As microprocessors and ASICs have migrated toward lower supply voltages and higher currents, they have forced systems designers to adopt distributed power architectures. These architectures minimize the power distribution losses associated with centralized power schemes by placing dc-dc converters as close as possible to the chip for point-of-load conversion. That proximity enables them to maintain tight voltage regulation even in the face of high di/dt requirements, which would be adversely affected by the long pc-board traces required with a centralized supply.
Although power requirements dictate that the dc-dc converter must be placed as close as possible to the processor or ASIC being powered, pc-board space in many applications is at a premium. Therefore, systems designers need dc-dc converters to be as small as possible. In other words, they require converters with the greatest power or current density possible. As a result, power-conversion efficiency becomes a critical factor to the extent that every extra percentage point of efficiency becomes important.
In recent times, designers have had a number of options for implementing their point-of-load dc-dc converters. These range from fully discrete designs that might require as many as 100 components to generate a single high-current output, to fully integrated modular solutions. With the discrete approach, current densities are typically less than 5 A/in.2
International Rectifier Corp. (IR) now offers a higher-efficiency alternative to traditional discrete and modular solutions. iPOWIR, a unique modular power architecture for dc-dc converters, raises efficiencies and reduces design complexity by integrating the design- and layout-critical semiconductors into tightly packaged, power building blocks.
The blocks are multichip module (MCM) components. They will be offered, at least initially, in small BGA-style packages. Unlike other fully integrated converter solutions, they integrate only the critical silicon. To realize the complete converter design, some external passives are required off-chip. But the company claims that this approach yields unprecedented levels of efficiency. IR boasts a potential 2% improvement in overall end efficiency when measured against comparable, industry-leading dc-dc converter solutions.
Plus, there's the inherent design flexibility that the iPOWIR architect provides. First, it allows designers to select the external passive components as needed by the application. Furthermore, iPOWIR offers scalable solutions with initial products in this series each contributing 15 A of output.
Naturally, IR's iPOWIR-based solutions require less development effort than do discrete approaches. For example, using the iPOWIR architecture, the design of a 60-A dc-dc converter is reduced to less than 50 components with fewer than 10 devices per power stage. The resulting current density is 10 A/in.2—twice that of discrete alternatives.

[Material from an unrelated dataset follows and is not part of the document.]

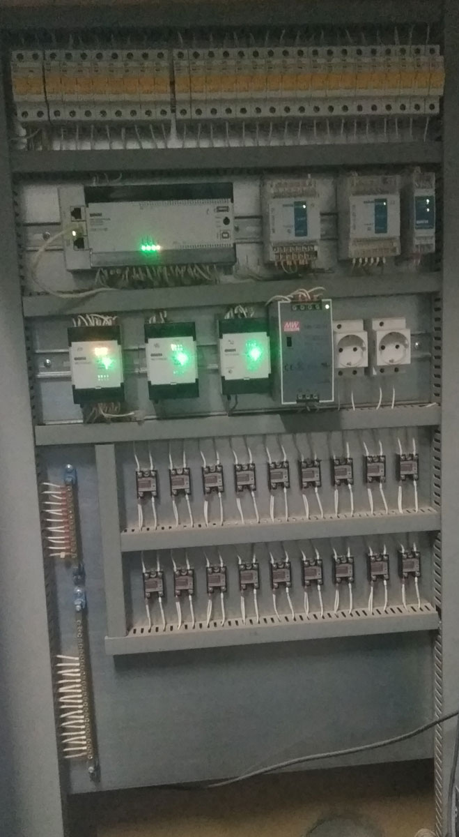 - Для смесительного узла был спроектирован и собран шкаф автоматики на основе ОВЕН ПЛК110-60 в качестве основного контролера, а для расширения каналов ввода/вывода были использованы такие модули как ОВЕН МВ110-8А (2 шт.), МВ110-4ТД (1 шт.), МВ110-8ДФ (1 шт.), МВ110-224-IT (1 шт.), МУ110-8Р(1 шт.). Данный шкаф управления позволил более оперативно управлять таким важным процессом как создание смеси компонентов для формовки блоков, проверять соответствие рецептам производства и снизить общие трудозатраты, а также обеспечить безостановочное производство и диспетчеризацию путем вывода всей информации на SCADA-систему.

According to the company, in general, iPOWIR can reduce overall converter size anywhere from 15% to 44% compared to existing discrete designs. When measured against modular alternatives, iPOWIR has achieved space savings as great as 58%.
Still, there's another advantage to iPOWIR that sets it apart from other approaches, both discrete and modular. As a leading supplier of power semiconductors, IR has the first crack at the cutting-edge MOSFET technology, and power MOSFETs play a critical role in determining power conversion efficiency. Essentially, that gives the company an ongoing potential to craft industry-leading dc-dc conversion solutions.
The first product in the iPOWIR series is the iP2001, a power building block for multiphase nonisolated synchronous buck converters (Fig. 1). The iP2001 integrates a high-speed MOSFET driver with high- and low-side MOSFETs, diodes, and passives in an 11- by 11- by 3-mm BGA package. It permits development of converters with an input-voltage range of 5 to 16 V and an output-voltage range of 0.95 to 3.3 V. The device operates over switching frequencies ranging from 300 kHz to greater than 1 MHz to deliver up to 15 A per phase, depending on the selection of the external multiphase controller and passives.
The company plans to follow the iP2001 with a fully integrated PWM controller for implementation of single-phase converters. Housed in a 14- by 14- by 3-mm BGA package, this building block will generate a 0.925- to 3.3-V output at up to 15 A (Fig. 2).